Another oil change and another blog post. Good thing there
isn’t always a relationship between those two things or my cars wouldn’t be
running. Figured I would spend a minute talking about one of my new favorite
Splunk tricks. I think I ran across this in the Implementing Splunk book but
then could never find again. Was pleased that it showed up in the Advanced
Searching and Reporting class I took at .conf2013 (great class BTW). The trick
relates to formatting data and covers a variety of use cases mostly related to
displaying a one to many relationship at various levels of granularity.
Let’s say you want to generate a list of the hosts in each
index and the number of events associated with each over some period of time.

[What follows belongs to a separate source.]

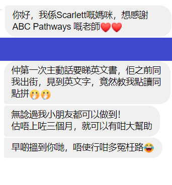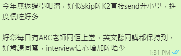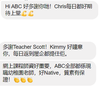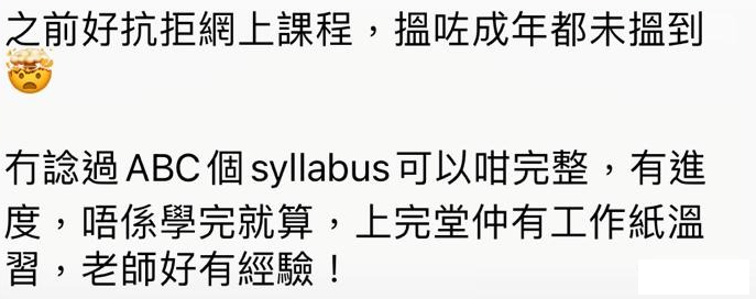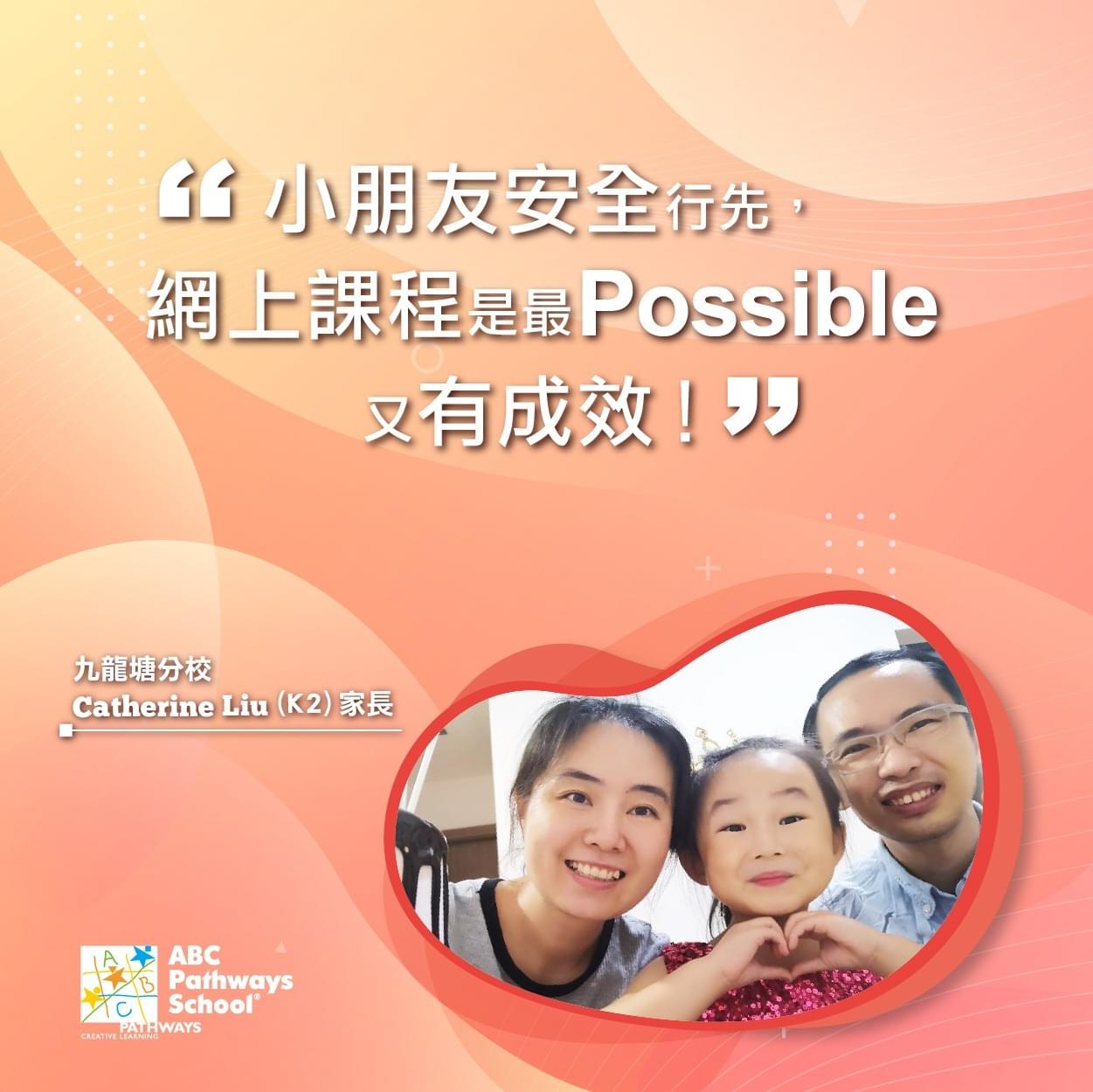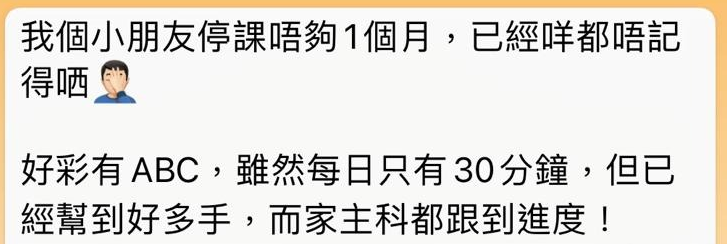 「小朋友安全行先,網上課程係最Possible,又有成效!網上學習,也許未達面授課堂同樣成效,然而我相信在這大環境中,大人和小朋友也需要嘗試調較和適應,換個模式去繼續吸收和學習。網課未必是「最好」,但「最能做到」。」

You could start with a search like the following:
index=* | stats count by index host
but the index field because visually redundant. My training
area only has one index and 2 hosts but for that search returns the following
index=* | stats count values(host) by index
The problem with this search though is it is showing the total events for both hosts but how many are associated with each? What I really want is the aggregate and eaches in the same view. The solution is a two step process where you first collect
the information by host and the second is using the stats list command. The search
is as follows
index=* | stats count by host index | stats dc(host) as
Unique_Hosts sum(count) as Total_Events list(host) as Hosts list(count) as
Events by index
There are a couple caveats to this. The first is if you want
to do some sorting based on data collected by the first stats command you need
to do that before the second stats command otherwise it will throw off results
from the count field (Events in the case above) if you throw a …. | sort –Hosts
at the end of the search. I’ve also seen a minor formatting issue when you
generate a PDF. The last issue is if you export the data to csv you end up with
a space delimited list of all the items in the cell (in this case the Hosts and
Events field).
Hope you find this helpful. I’ve used this in all kinds of
visualizations – especially since you can sort/filter on the aggregate values.